**Provided material:**
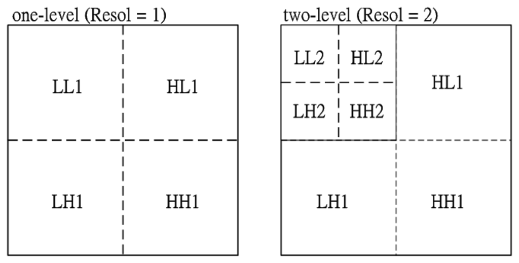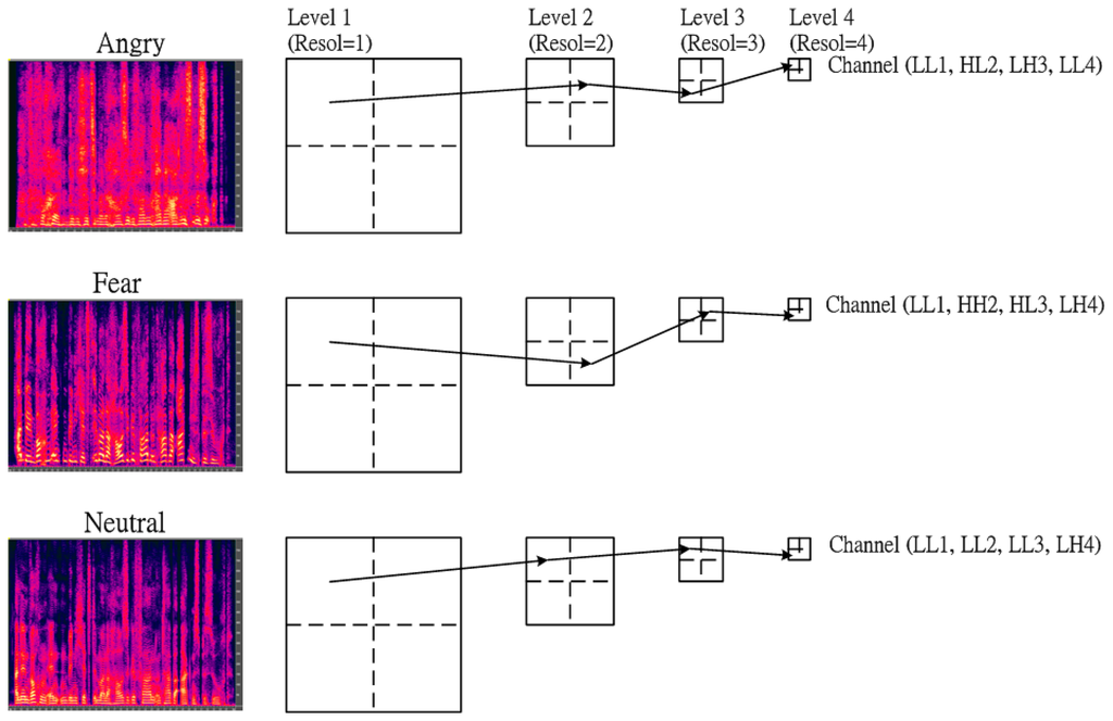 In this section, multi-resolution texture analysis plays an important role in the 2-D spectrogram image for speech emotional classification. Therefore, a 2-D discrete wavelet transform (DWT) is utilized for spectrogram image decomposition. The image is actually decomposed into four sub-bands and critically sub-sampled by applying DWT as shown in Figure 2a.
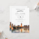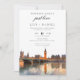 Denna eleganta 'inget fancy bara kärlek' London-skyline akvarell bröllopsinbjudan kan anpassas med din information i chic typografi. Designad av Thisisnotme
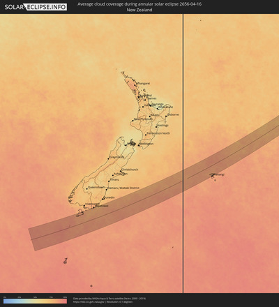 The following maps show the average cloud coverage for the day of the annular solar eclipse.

**Action item:**
Every line from the one bearing "Denna eleganta 'inget" through the end of the data above must be output exactly, and no picture may appear.

**Output for this task:**
 Denna eleganta 'inget fancy bara kärlek' London-skyline akvarell bröllopsinbjudan kan anpassas med din information i chic typografi. Designad av Thisisnotme
 The following maps show the average cloud coverage for the day of the annular solar eclipse.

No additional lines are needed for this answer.